Before leaving for training at Camp Shelby in Mississippi, he married Jean at the camp. Their marriage endured happily for 69 years, until her death in 2012. After a year of training, the 442nd soldiers shipped out to Europe, where Wada’s company served on the frontlines in the Rome-Arno, Po Valley, Rhineland and Ardennes campaigns. The casualty rate was high. Within a month, Wada rose three ranks from scout to platoon sergeant, according to the U.S. Department of Veterans profile.
The 442nd’s greatest test — and one that nearly cost Wada his life — came in October 1944, when the combat unit and the 100th Infantry Battalion together fought to liberate Bruyères, France, and rescue a small Texas battalion surrounded by German troops. The bravery of the Nisei soldiers, who hurled themselves at the dug-in German forces and fought hand-to-hand at close range, led the “lost battalion rescue” to become known as one of the greatest ground battles of World War II.
During the final days of the battle, Wada was seriously injured by shrapnel to his lower body and spent more than a month in the hospital. Among the many combat decorations he received were a Purple Heart, Bronze Star and a combat medal with four oak leaf clusters. In 2011, he and all 442nd and 100th veterans received the Congressional Gold Medal. And in 2015, he received France’s highest military award, the Legion of Honor.

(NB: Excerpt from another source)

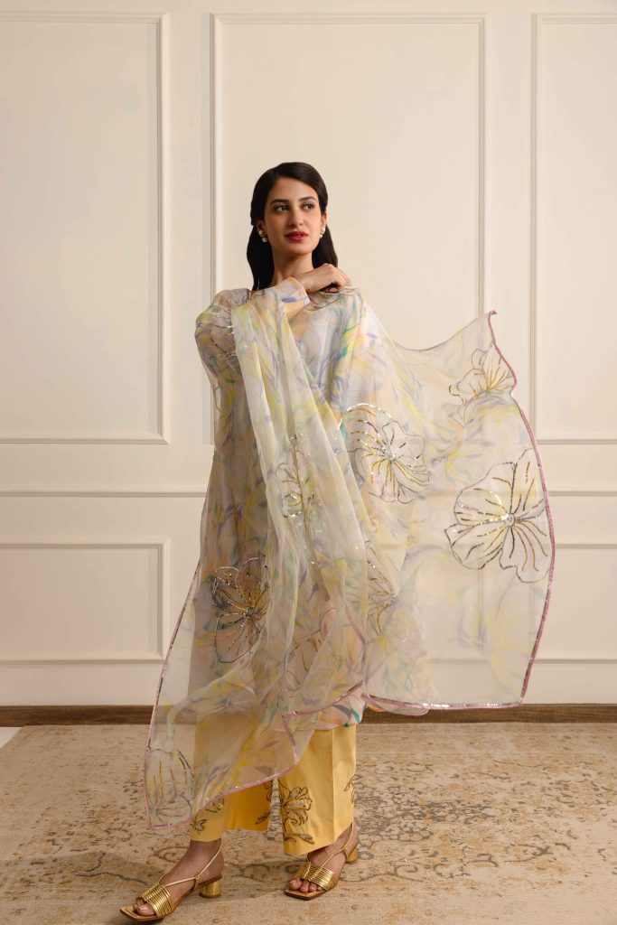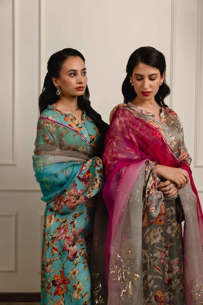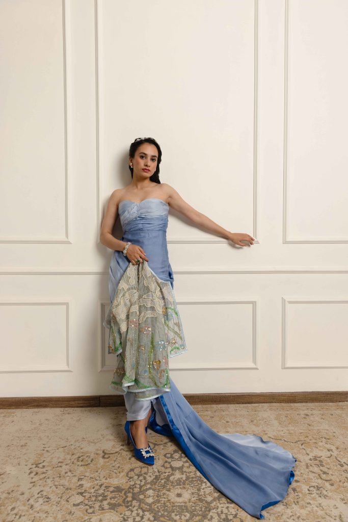 Inspired by the intimate boudoir of Maayankraj Singh’s grandmother, each piece reflects a life of grace and beauty. The palette is a harmonious mix of Rouge, Blush Pink, Sweet Lemons, Inky Blue, and Azure Teal, paired with Indian hues like Khaki, Gulkand, Sona, and Haldi, creating a soft, feminine allure. Luxurious fabrics such as silk satins, French organzas, cotton poplin, and silk chiffons from Lyons highlight the brand’s dedication to craftsmanship. The collection features meticulous garment construction, ensuring even the most delicate drapes have couture foundation garments for structure.

After the war, Wada and his wife, Jean, returned to San Diego, where he designed and built a home on a 350-acre family farm in the Encanto area of San Diego. Together they raised five children. Wada worked for a time for the U.S. Postal Service, went to college, and then worked for many years in the public works division at the former Naval Training Center San Diego. He started there as a lawnmower repairman and worked his way up to the position of contract specialist before retiring in 1977.
Greg Wada said his father remained active in retirement, enjoyed gardening and was still driving his car right up until the pandemic, after which his health began to gradually decline.

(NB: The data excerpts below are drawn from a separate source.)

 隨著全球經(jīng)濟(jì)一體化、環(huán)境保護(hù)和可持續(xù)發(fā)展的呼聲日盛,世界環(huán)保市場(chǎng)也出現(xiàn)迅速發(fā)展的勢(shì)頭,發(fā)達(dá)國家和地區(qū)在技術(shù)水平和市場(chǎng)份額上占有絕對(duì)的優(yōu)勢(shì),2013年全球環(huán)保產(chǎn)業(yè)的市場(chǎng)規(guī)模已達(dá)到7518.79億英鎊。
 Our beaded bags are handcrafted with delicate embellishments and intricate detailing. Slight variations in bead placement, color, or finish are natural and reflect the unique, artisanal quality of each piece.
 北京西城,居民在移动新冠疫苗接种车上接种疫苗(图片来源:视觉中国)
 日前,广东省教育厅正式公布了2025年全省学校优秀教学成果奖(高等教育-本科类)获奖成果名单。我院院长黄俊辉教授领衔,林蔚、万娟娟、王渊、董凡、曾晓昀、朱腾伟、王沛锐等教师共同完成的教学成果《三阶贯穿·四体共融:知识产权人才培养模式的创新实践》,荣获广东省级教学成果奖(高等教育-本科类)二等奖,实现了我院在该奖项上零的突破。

“He was very independent,” he said. “He did everything on his own, never took handouts and was always helping everyone else. He put himself through college after having kids and took care of my mom her whole life.”
In 2018, Wada posed for a portrait in his uniform for Los Angeles photographer Shane Sato, who has published two volumes of picture books of Nisei veterans titled “The Go for Broke Spirit: Portraits of Courage.” Sato, whose uncles served in the 100th battalion, said he created the books because not enough Americans knew this chapter of history.

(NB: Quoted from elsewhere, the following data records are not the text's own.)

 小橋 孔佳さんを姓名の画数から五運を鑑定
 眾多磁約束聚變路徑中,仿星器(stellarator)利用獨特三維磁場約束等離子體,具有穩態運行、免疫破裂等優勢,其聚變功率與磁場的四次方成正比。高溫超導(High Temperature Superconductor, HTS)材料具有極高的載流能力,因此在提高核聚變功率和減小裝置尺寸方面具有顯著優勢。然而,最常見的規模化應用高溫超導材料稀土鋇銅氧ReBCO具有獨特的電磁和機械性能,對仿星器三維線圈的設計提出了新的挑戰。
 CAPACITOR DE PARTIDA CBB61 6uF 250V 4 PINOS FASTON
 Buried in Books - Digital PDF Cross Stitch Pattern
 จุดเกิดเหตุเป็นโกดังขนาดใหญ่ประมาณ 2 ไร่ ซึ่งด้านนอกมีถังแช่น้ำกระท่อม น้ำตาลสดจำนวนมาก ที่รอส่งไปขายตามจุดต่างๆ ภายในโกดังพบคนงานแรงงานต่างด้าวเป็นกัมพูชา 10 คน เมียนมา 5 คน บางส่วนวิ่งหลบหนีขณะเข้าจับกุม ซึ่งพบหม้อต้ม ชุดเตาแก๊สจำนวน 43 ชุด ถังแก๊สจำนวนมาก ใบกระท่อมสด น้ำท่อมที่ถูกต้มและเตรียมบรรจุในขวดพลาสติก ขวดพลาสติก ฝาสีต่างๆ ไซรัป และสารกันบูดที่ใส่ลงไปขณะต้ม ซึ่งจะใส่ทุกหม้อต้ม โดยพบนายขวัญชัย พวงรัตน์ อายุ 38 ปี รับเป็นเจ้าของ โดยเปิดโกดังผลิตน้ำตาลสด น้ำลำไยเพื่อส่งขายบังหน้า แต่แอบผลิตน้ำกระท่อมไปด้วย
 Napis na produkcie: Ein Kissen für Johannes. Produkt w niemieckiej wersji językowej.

“I got involved with his project because I felt it needed to be done,” said Sato, who described Wada as very kind and humble. “One of the reasons many Japanese Americans do not even know their own history is the Nisei never shared their stories. I believe all of these men wanted to share these stories with the public, but being Japanese they did not know how or felt it was wrong to talk about themselves.”
Wada is survived by his daughters, Dorothy Saito and Janet Kobayashi, and his son, Greg, brothers Henry and Robert, nine grandchildren and 10 great-grandchildren.